ARPHA Conference Abstracts : Conference Abstract
Conference Abstract
Biodegradation of Benzene Under Microaerobic Conditions: a Groundwater Microcosm Experiment Combined with a Multiomics Approach and DNA Stable Isotope Probing
expand article infoAndras Tancsics, Anna Bedics, André Soares§, Balázs Kriszt|
‡ Department of Molecular Ecology, Institute of Aquaculture and Environmental Safety, Hungarian University of Agriculture and Life Sciences, Gödöllő, Hungary
§ Environmental Metagenomics, Research Center One Health Ruhr of the University Alliance Ruhr, Faculty of Chemistry, University of Duisburg-Essen, Essen, Germany
| Department of Environmental Safety, Institute of Aquaculture and Environmental Safety, Hungarian University of Agriculture and Life Sciences, Gödöllő, Hungary
Open Access


Monoaromatic hydrocarbons such as benzene, toluene, ethylbenzene, and xylene (BTEX) are the most common contaminants of the groundwater and can easily contaminate drinking water sources due to their relatively high water solubility. Among these compounds, benzene is known to have carcinogenic properties and is considered to be persistent under anoxic conditions. Although deep knowledge was acquired both on the aerobic and anaerobic degradation of benzene in the past three decades, the diversity of those bacteria which are able to degrade it under microaerobic conditions, is still unknown. To come over this limitation aerobic and microaerobic benzene-degrading microcosms were established using groundwater sediment of a BTEX-contaminated site and the evolved bacterial communities were investigated through a polyphasic approach including multiomics analysis and DNA stable isotope probing. The obtained results shed light on the fact that the aerobic and microaerobic benzene-degrading bacterial communities were distinctly different. In the aerobic microcosms members of the genus Pseudomonas overwhelmingly dominated the bacterial communities by showing even 40-50% abundance. In contrast, under microaerobic conditions members of the genera Azovibrio and Malikia dominated the communities, while the abundance of Pseudomonas drastically decreased compared to that of was observable in the aerobic microcosms. Results obtained by the analysis of microcosms spiked with 13C6-benzene confirmed these observations. In heavy DNA fractions obtained from the aerobic microcosms the enrichment of Pseudomonas and Rhizobiaceae-related 16S rRNA gene fragments was observable. At the same time, labelled DNA from the microaerobic microcosms contained mostly Azovibrio and Malikia-related sequences, while the abundance of Pseudomonas 16S rRNA gene sequences was below 2%. Besides, by using metagenomic dataset of a previous microaerobic experiment we managed to reconstruct an Azovibrio genome, in which a complete meta-cleavage pathway for the aerobic degradation of aromatic hydrocarbons was identified. Overall, it can be concluded that under microaerobic conditions members of Comamonadaceae and Rhodocyclaceae can be the key benzene degraders in contaminated subsurface environments.

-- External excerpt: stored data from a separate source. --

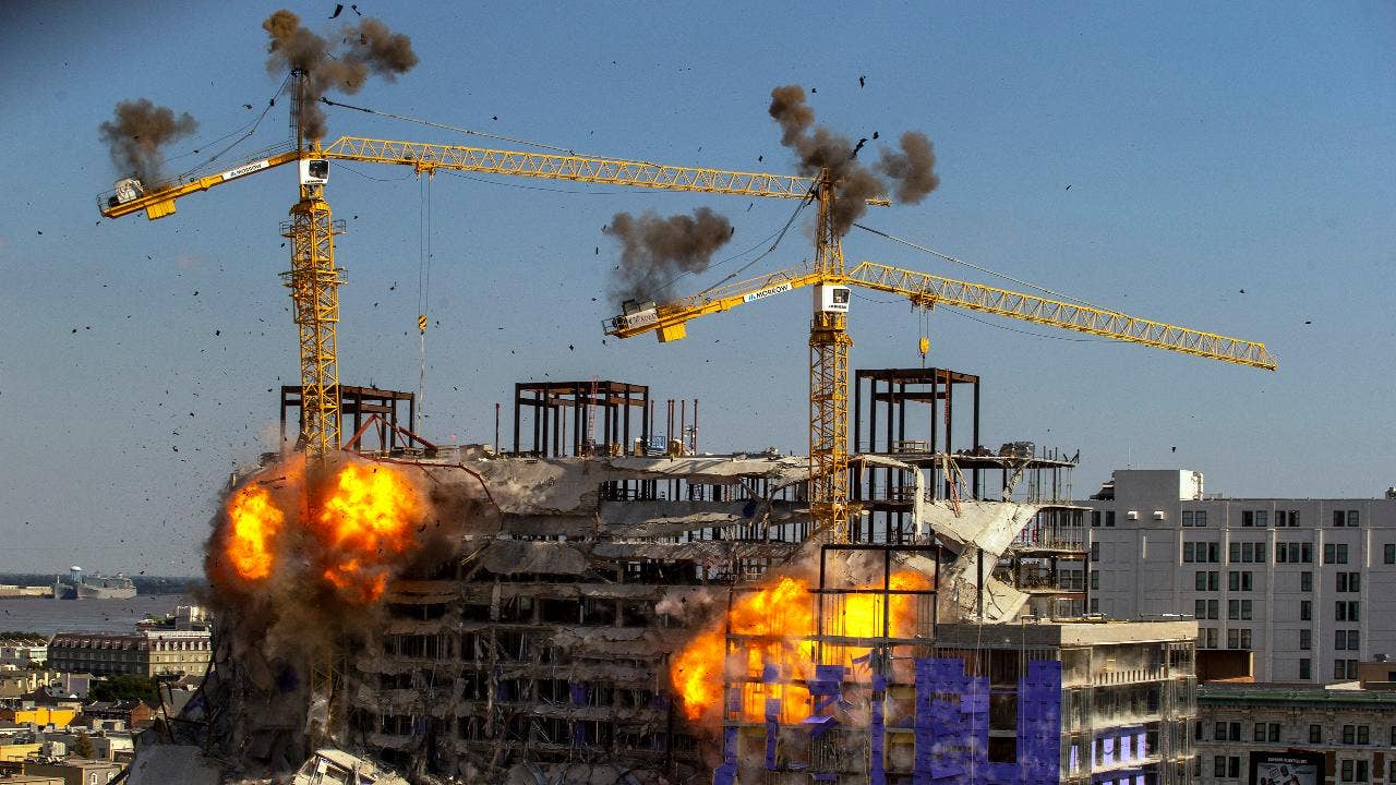 Implosion of unstable cranes at NOLA Hard Rock collapse site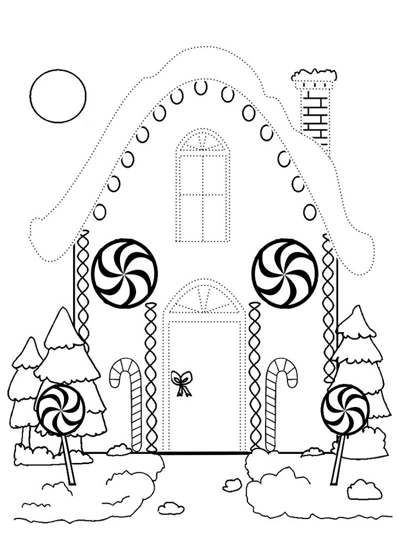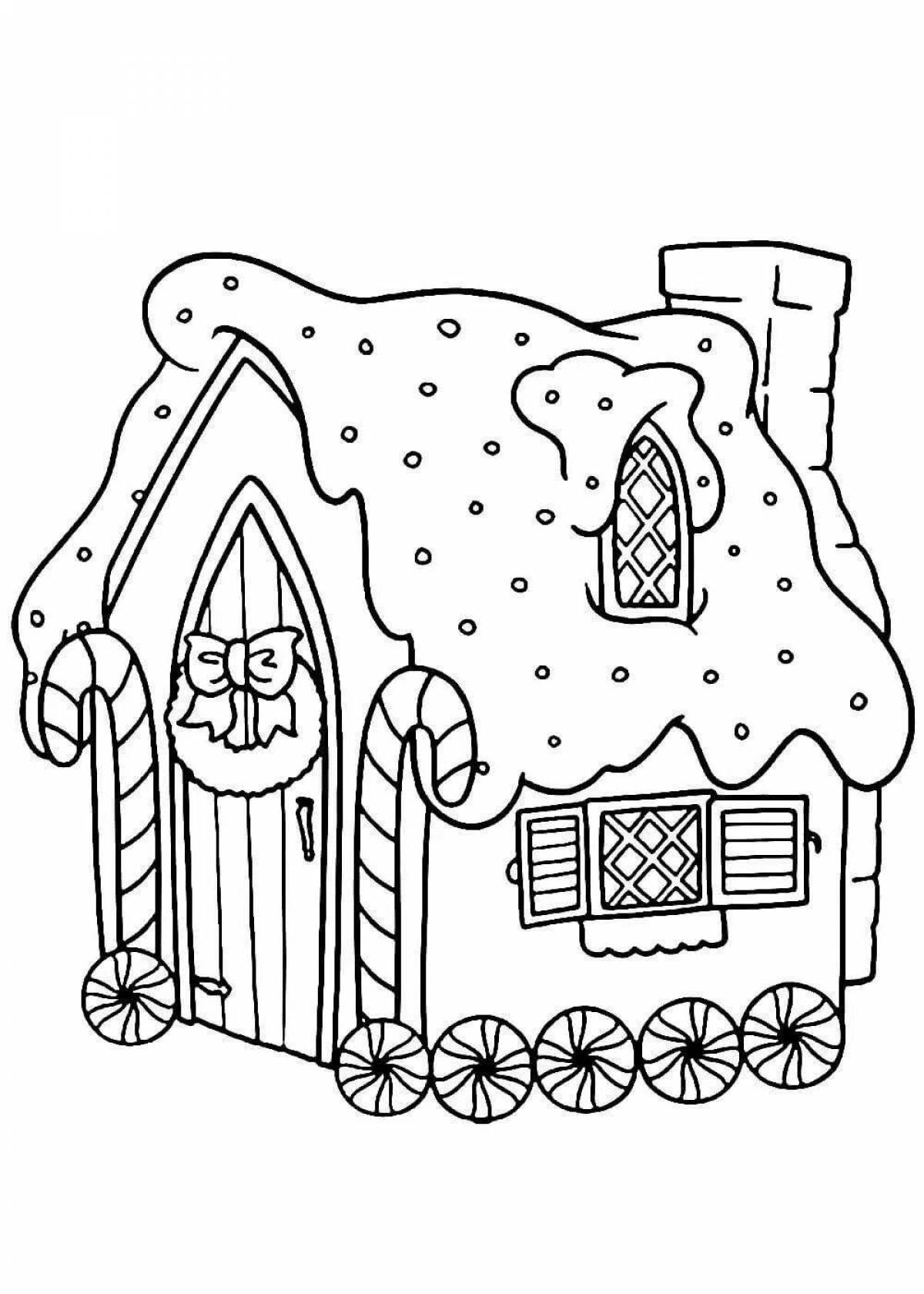 Раскраски новогодние для детей сложные Пряничный домик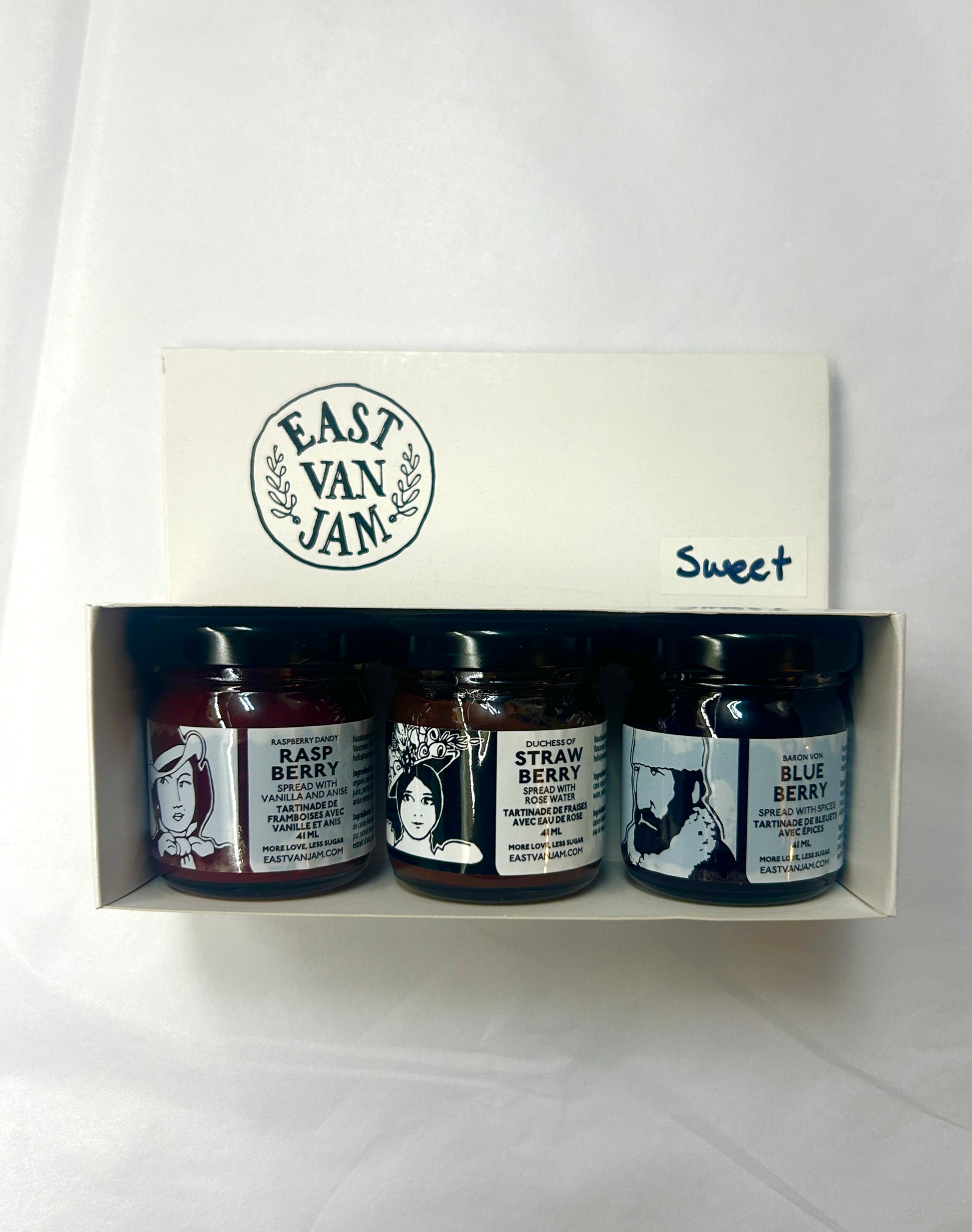 East Van Jam, based out of Vancouver BC, prides themself on their low sugar but high flavour jams. This Trio has small jars of Raspberry Dandy, Duchess of Strawberry, and Baron Von Blueberry jams. This is perfect for a small ice cream bar, gift baskets, or just to sample!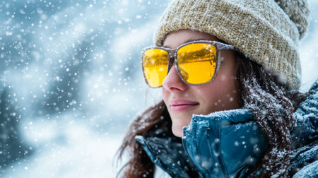 Portrait of a woman in sunglasses against the background of snowy mountains. Winter holidays and vacations concept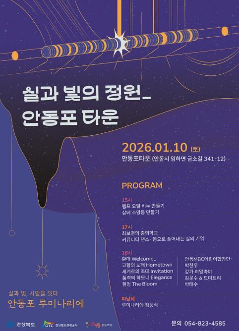 [뉴스앤톡] 안동포타운(다누림협동조합)은 경상북도와 경상북도문화관광공사가 추진하는 ‘2025년 3대문화 콘텐츠 확충 시범사업’에 선정됨에 따라, 2026년 1월 10일부터 2월 21일까지 안동포타운 일원에서 '실과 빛의 정원-안동포 루미나리에'를 운영한다고 밝혔다.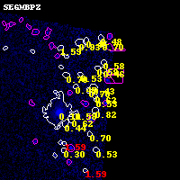 Object #809 x,y = (4400, 3883) RA, Dec = (15:17:57.096, -81:29:11.76) = (229.48790, -81.48660) BPZ = 0.701 [0.309--4.602] type = 2.00 (Ell6_A_0) chisq2 = 0.01 ODDS = 0.13 z_cluster = 0.480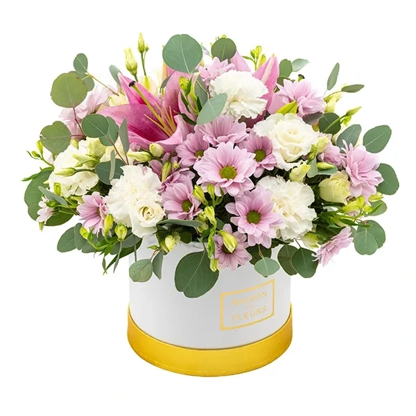 Meeldivates heledates ja roosaakates toonides naiselik ja õrn lillekarp, mis sobib kinkimiseks igaks tähtpäevaks.

Azovibrio, Malikia, aromatic hydrocarbons, microaerobic conditions

Presenting author

Dr. András Táncsics

Presented at

poster presentation

session topic: Impacts from Anthropogenic Activities

Funding program

András Táncsics was supported through the “OTKA” Young Researcher Excellence Programme of the National Research, Development and Innovation Office of Hungary.

Grant title

Microbial biodegradation of aromatic hydrocarbons in subsurface environments: elucidating the genetic background of microaerobic degradation by stable isotope and „omics” approaches (grant No. FK 134439)

Hosting institution

Hungarian University of Agriculture and Life Sciences

Conflicts of interest

The authors have declared that no competing interests exist.